Results: In comparison to control subjects, there were significant decreases among post-HTx patients of let-7 family members, which are known to be suppressed by tacrolimus treatment. Across both preparations, there were consistent changes in levels of miR-15b*, -23a, -99b, -126, -191, -199a-5p, -425*, and -766 among HTx patients compared to controls (all p<0.05). Gene ontology analysis reveals roles for targets of altered miRs in B- and T-cell function and other immunologic processes.

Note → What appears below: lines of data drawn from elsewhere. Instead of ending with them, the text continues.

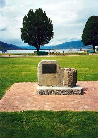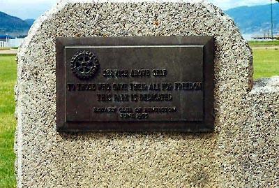 This memorial park, marked by a concrete stele and fountain, was erected by the Rotary Club of Penticton in June 1955 in memory of those killed in war.
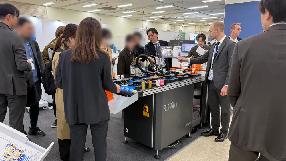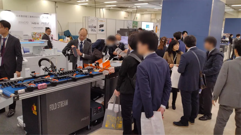 NSKブースでは、マルチベルトコンセプトを採用し、高いカスタマイズ性と短時間で工具無しで段取り替えが可能なオンデマンド生産に最適な次世代型の省スペース型サックマシン 「Fold Stream」 の実機を本邦初公開。高品質な罫線加工を実現したコンパクトカッティングマシン 「NS-X Compact PRO」 との連携でオフィスにおけるサイズで高品質なパッケージ・POPの多品種少量生産のラインがワンオペレーターで構築できるコンセプトを紹介しました。 自動で資材をカットしてパッケージに組み立てるまでのデモンストレーションで、多くのお客様の関心を引きました。
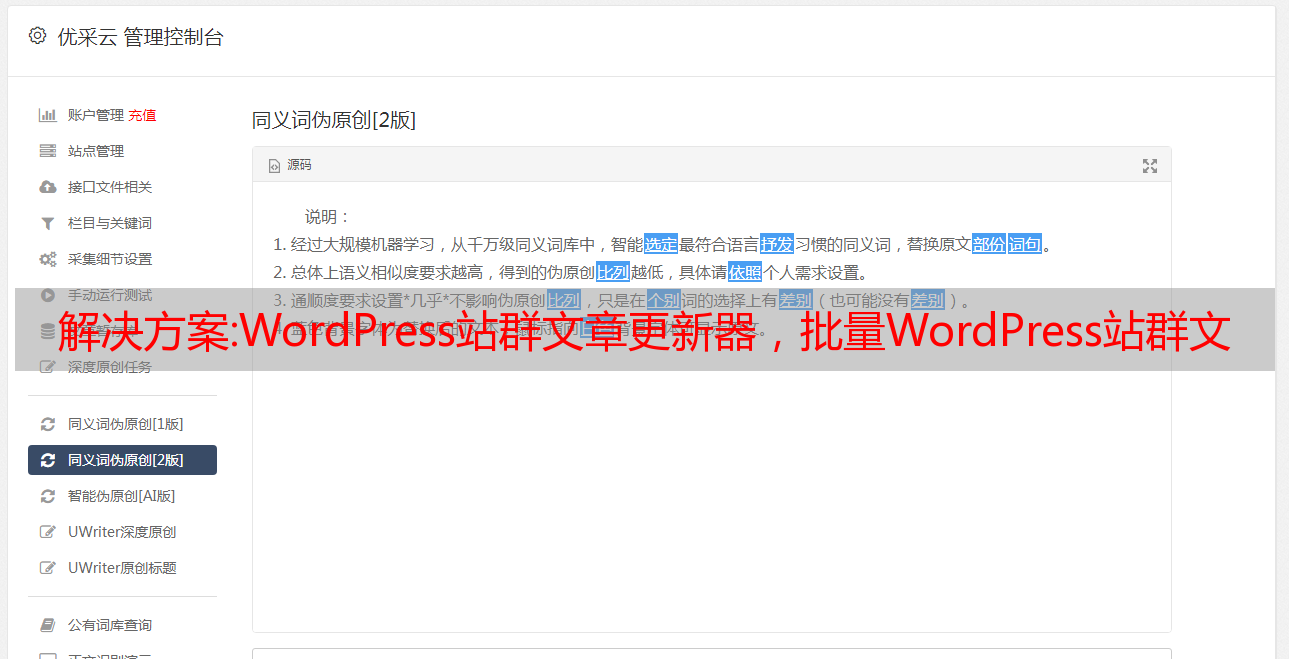 优采云 发布时间: 2022-10-17 08:35解决方案:WordPress站群文章更新器,批量WordPress站群文章管理
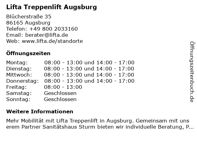 | Öffnungszeiten Lifta Treppenlift Augsburg in Augsburg anzeigen | |
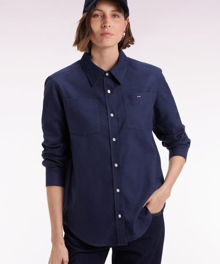 Cette chemise femme en popeline de coton marine ou écru adopte une coupe Relaxed légèrement ample et deux poches plaquées pour une allure résolument contemporaine. Une pièce intemporelle facile à mixer à votre vestiaire, entre chic épuré et décontraction maîtrisée
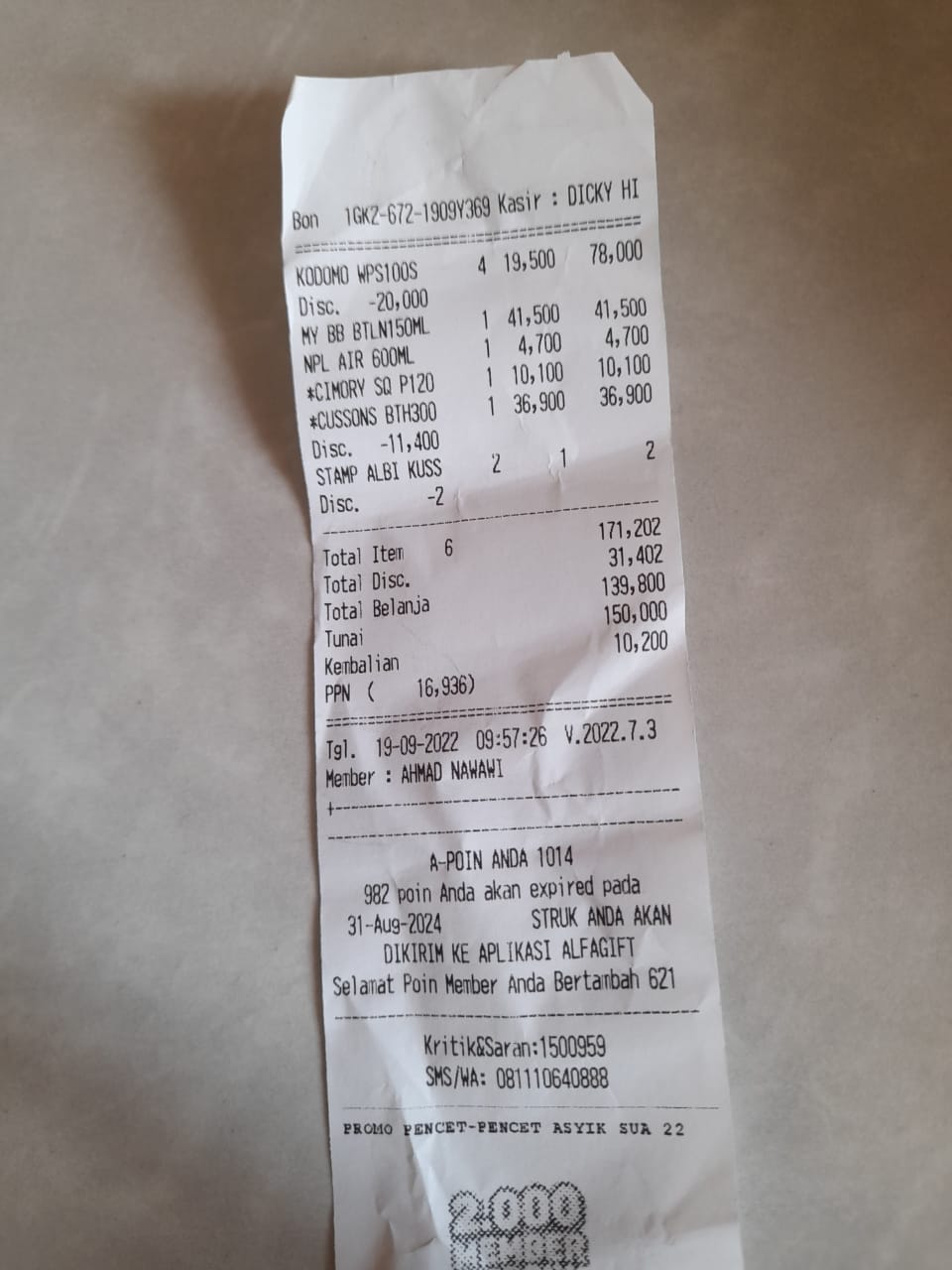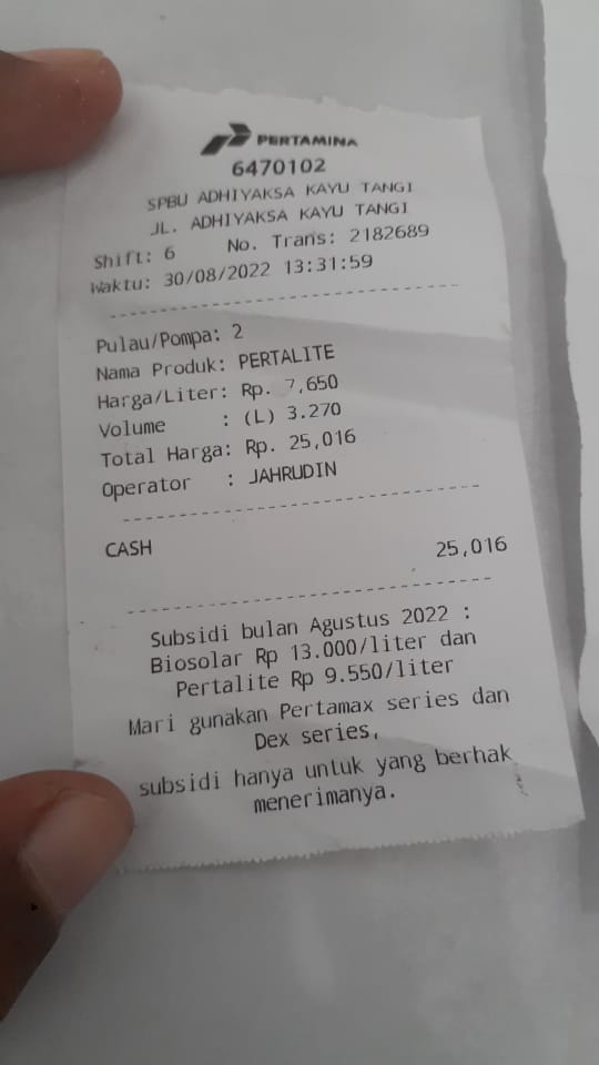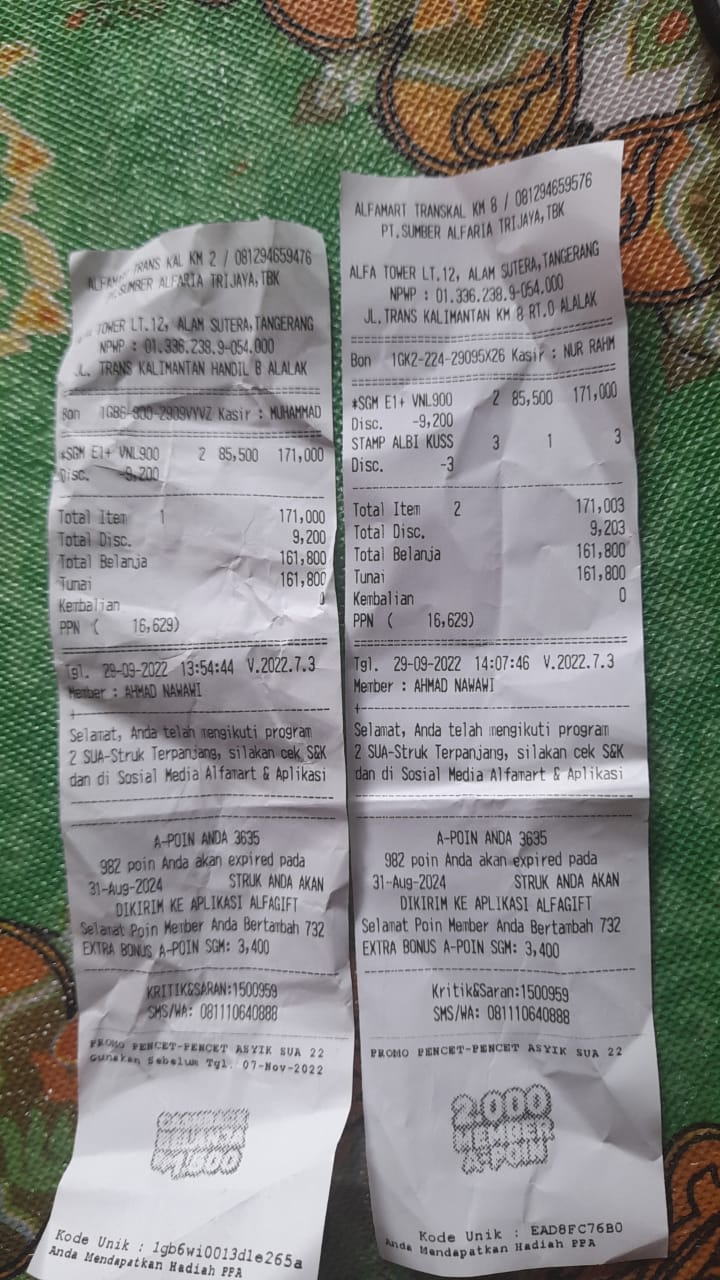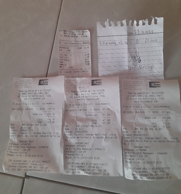 Dana digunakan untuk 1. Popok merries XL 95.000 x 4 ball= Rp380.000 2. Sikat dot Rp33.000 3. My baby minyak telon 60 ml Rp21.000 4. Sabun mandi Cussons 100 ml Rp17.000 5. Snack Promina 10.000 x 2= Rp20.000 6. Sabun dot sleek 900 ml Rp50.000.
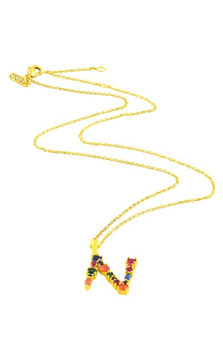 Multi Color Alphabet N Studded Gemstone Pendant Necklace
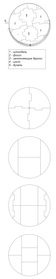 La mèche est donc liée à d'autres pièces de bois par un système d'entailles, d'adents et d'écarts, dont la combinaison constitue la solidité nécessaire[1],[5]; sur la mèche on forme des adents saillants et rentrants pour recevoir les adents correspondants des autres pièces qu'on assemble dans la confection arrondie de ce mât[5]. Le plus gros bout de la mèche restant entier fournit le ton (tête du mât) nécessaire au mât; lorsqu'un mât brut n'est pas assez long pour faire une mèche en entier on le joint à un autre par un écart très longs[5].
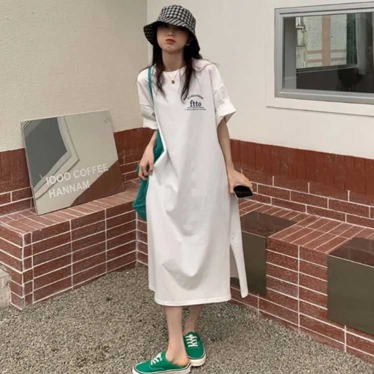 ワンピース 半袖 Tシャツ 夏 春 レディース ロングワンピ Tシャツワンピ ゆるワンピ サイドスリット プルオーバー ロング丈 部屋着 大きいサイズ 体型カバー ゆったり ルームウェア

Conclusion: Dynamics in circulating miRs are detectable following HTx among stable patients.

The scope of the present invention is not limited by what has been specifically shown and described hereinabove. Those skilled in the art will recognize that there are suitable alternatives to the depicted examples of materials, configurations, constructions and dimensions. Numerous references, including patents and various publications, are cited and discussed in the description of this invention. The citation and discussion of such references is provided merely to clarify the description of the present invention and is not an admission that any reference is prior art to the invention described herein. All references cited and discussed in this specification are incorporated herein by reference in their entirety. Variations, modifications and other implementations of what is described herein will occur to those of ordinary skill in the art without departing from the spirit and scope of the invention. While certain embodiments of the present invention have been shown and described, it will be obvious to those skilled in the art that changes and modifications may be made without departing from the spirit and scope of the invention. The matter set forth in the foregoing description is offered by way of illustration only and not as a limitation.